Members can see the sheets on farm machinery. We have found that many small farms are over-mechanised with tractors and machinery that are far too powerful for the size of the farm unit. One of the challenges we have in addressing this as a national policy issue is determining how to match machinery size to the scale of the farm. Simple things can be done on machinery such as addressing the waste of fuel associated with low tyre pressure and travelling to distant and isolated blocks of land. Dr. Schulte has more comments on those sorts of issues.
Members can see, if they go through the sheets, that there are useful and straightforward tips for farm enterprises to reduce their environmental burden while saving money. This is all available on the web as a free resource regardless of whether one is a member of the IFA. Any farmer can access the material. We held a very well-attended national conference last year to launch the initiative accompanied by an excellent 12 page supplement in the Irish Farmers' Journal. The initial phase involved resource efficiency assessments or cost saving studies on five candidate farms in autumn 2013. We saved an average of €5,000 per farm, a not insignificant sum for these small farm enterprises for no or low investment. These are young, engaged and highly motivated farmers who believed they were doing as good a job as they could up to that point. There is clearly plenty of scope across the sector. It is very positive. In 2014, we are looking at undertaking 30 on-farm assessments with volunteer farms.
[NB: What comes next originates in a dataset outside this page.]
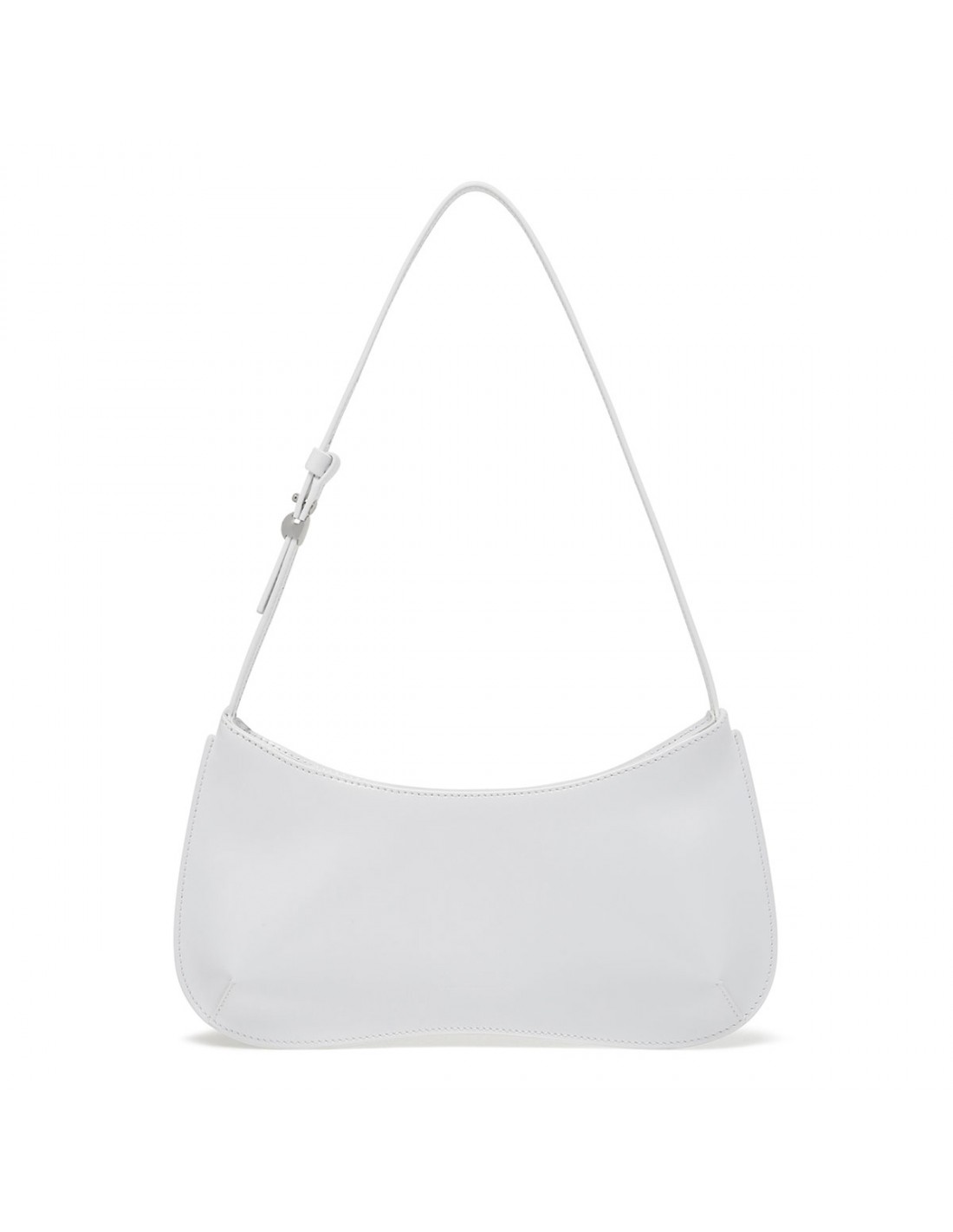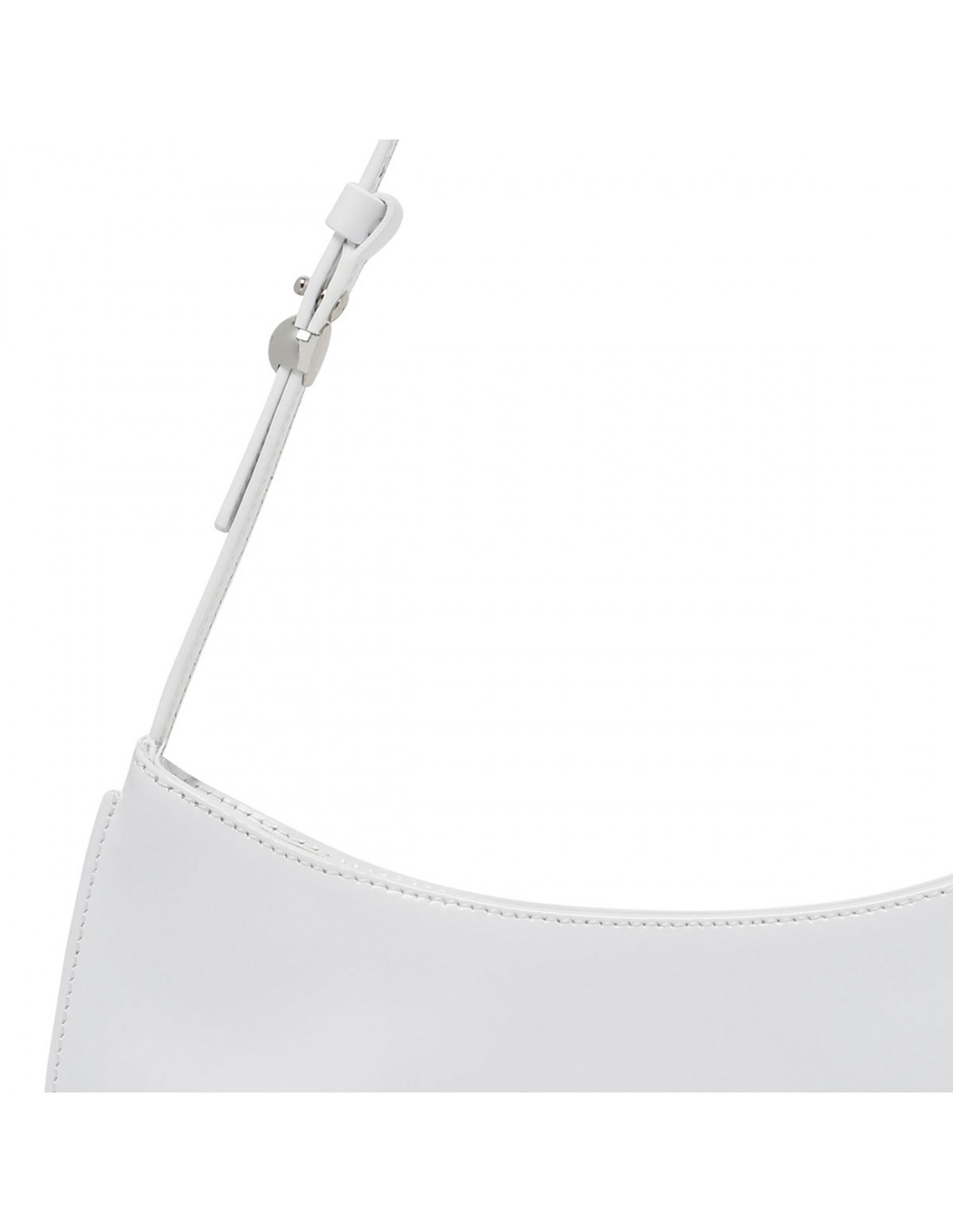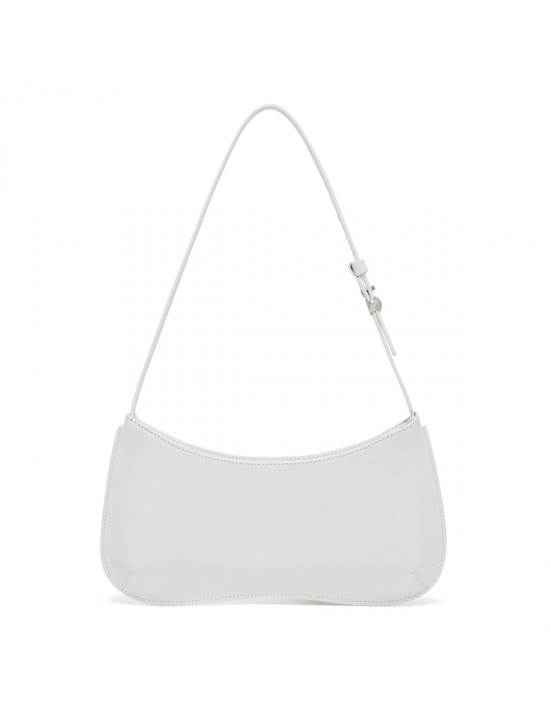 White calf-leather The Bisou shoulder bag from Jacquemus featuring adjustable buckled leather strap with engraved metal bead, zip fastening along top, edge-to-edge construction, logo embossed, silver tone metal hardware, internal patch pocket.
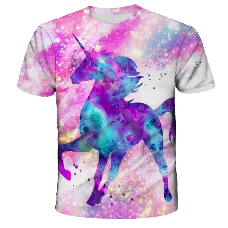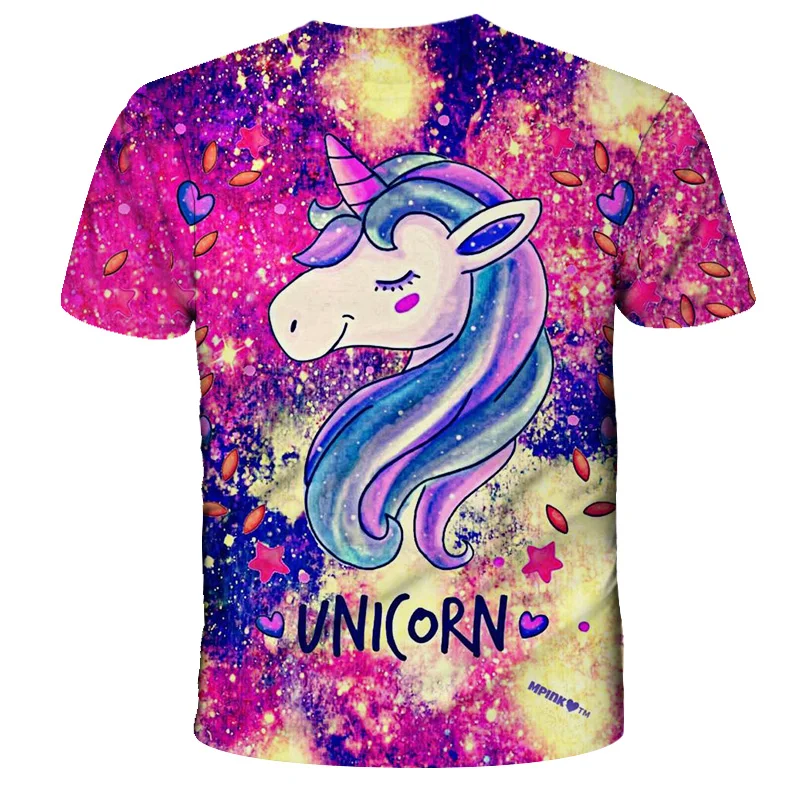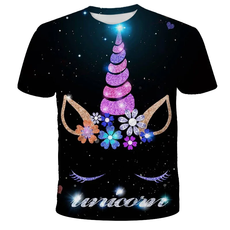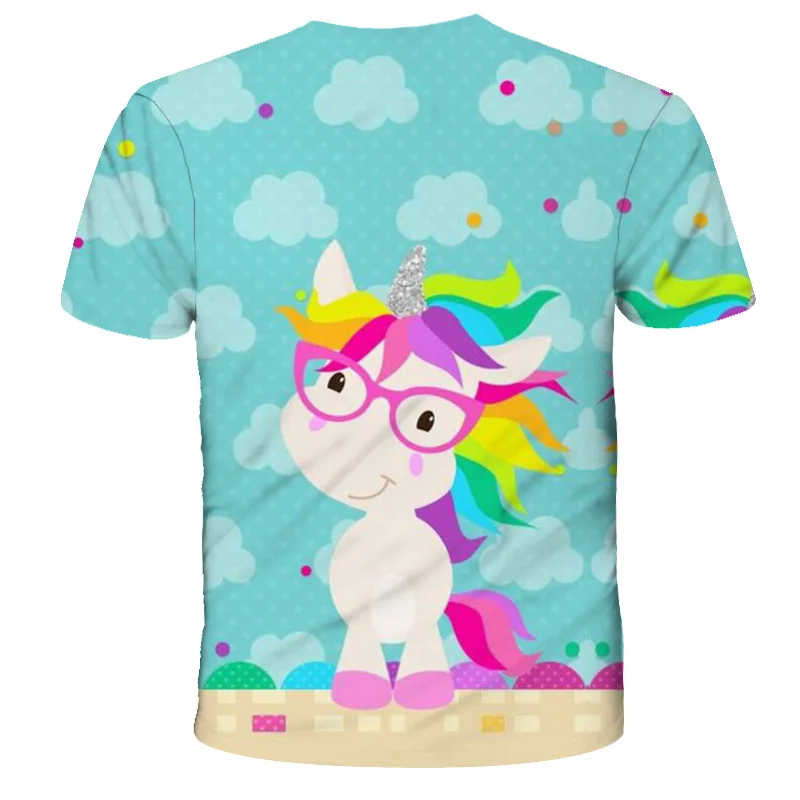 Детская футболка с единорогом, мультяшный 3D принт, футболка с коротким рукавом, детская ткань, крутые милые топы для мальчиков и девочек, модель 2021

These are clustered around farm discussion groups operated by the IFA. This is about diffusion of skills through discussion groups and regional seminars. We do not need to work hard to find candidate farmers as they are queuing up to get involved. There is high interest and uptake.
The benefits for farmers are financial. It is clear income and revenue. The initiative also underpins and supports the ambitions of Food Harvest 2020 and Origin Green with low resource input production and sustainable farming enterprises. It benefits our overall economy and environment and reduces inventories.
This will again lead in to some of Dr. Schulte's comments.
The final slide states that smart farming fits into a sustainable consumption and production cycle. It is part of an overall national cycle that we have. It is an essential part of primary production but it does not exist on its own. It cannot solve the whole problem of delivering a sustainable consumption and production in society.